The report exposes Thomas’ pattern of secretly accepting private flights, yacht trips and other luxuries from a cadre of super-wealthy conservative donors over three decades in violation of legal and ethical standards. None of these donors knew Thomas before he joined the court.
These undisclosed gifts represent intolerable corruption within the highest court in the land.
ProPublica reported that these wealthy benefactors have treated the justice to at least 38 vacations, including a previously unknown yacht trip around the Bahamas, 26 flights on private jets, helicopter rides, box seats at sporting events and stays at luxury resorts.
Thomas’ misuse of his lofty position to enrich himself and live a life of luxury is just the kind of thing that has eroded the public’s confidence in a crucial institution. The Supreme Court’s perceived legitimacy has dropped to an all-time low.
Thomas appears to have violated the law by failing to disclose these gifts, according to ethics experts. They also raise the possibility of conflicts of interest and improper influence. As the ProPublica writers point out, Thomas’ billionaire donors “work in industries significantly impacted by the court’s decisions.”
More fundamentally, corruption can spring from an official’s conscious or unconscious sense of debt to those who treat him favorably and a tendency to share their worldview. The recipient of such extravagant gifts can hardly help but feel pressure to conform his beliefs to the expectations of the people footing the bill for his luxury flights, yachts and lodging. It’s not unreasonable to question whether Thomas has been guided by the good of our country or is unable to abandon the ideological preferences of his wealthy allies — particularly at the risk of losing a lifestyle to which he and his wife have become accustomed.

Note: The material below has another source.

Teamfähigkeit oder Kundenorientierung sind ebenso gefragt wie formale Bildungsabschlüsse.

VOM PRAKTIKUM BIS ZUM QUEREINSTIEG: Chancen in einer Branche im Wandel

And yet even in light of these shameful ethical lapses, we need the Supreme Court, and we need it to be effective and respected. It has been a last line of defense for individual rights, with a history of checking elected officials who would enhance their own power by diminishing ours.

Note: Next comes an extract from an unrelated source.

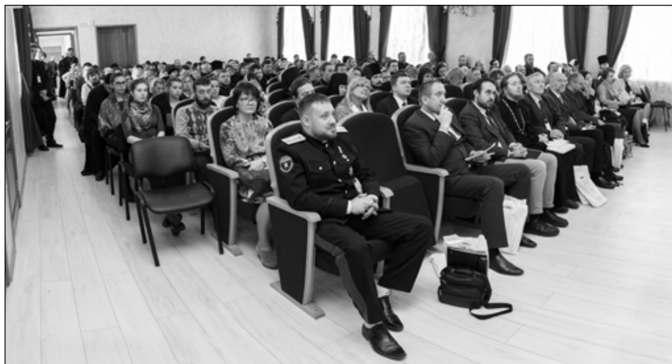
Фото 3. Участники пленарного заседания слушают выступления докладчиков

Making the Supreme Court accountable to ethical rules is the road to restoring its credibility. The Supreme Court Ethics, Recusal and Transparency (SCERT) Act, which focuses on standards for recusal from cases by the justices, is a critical and constitutionally appropriate step toward that goal.
Another would be an investigation of Thomas’ apparent ethical violations by the Department of Justice or Chief Justice John G. Roberts Jr., as one of us has previously urged.
Like other judges and indeed most Americans in any profession, the justices must be subject to an enforceable code of conduct. The Supreme Court clearly needs a reminder that although judges interpret the law, they are not above it. Americans can and should remind them of that in a variety of ways.
Citizens can call or write to their congressional representatives and urge them to act on legislation to hold the court accountable. Lawyers can speak out through groups such as the American Bar Assn., which this week announced a Task Force on Democracy led by esteemed former federal appellate Judge J. Michael Luttig.
Every one of us can make it clear that this type of corruption of the court is unacceptable. Justice Thomas, sadly, will leave a legacy of failure to abide by ethical and legal standards. It’s a legacy Americans must resoundingly reject.
Noah Bookbinder is the president of Citizens for Responsibility and Ethics in Washington and a former federal prosecutor. Dennis Aftergut is a former federal prosecutor who is of counsel to Lawyers Defending American Democracy.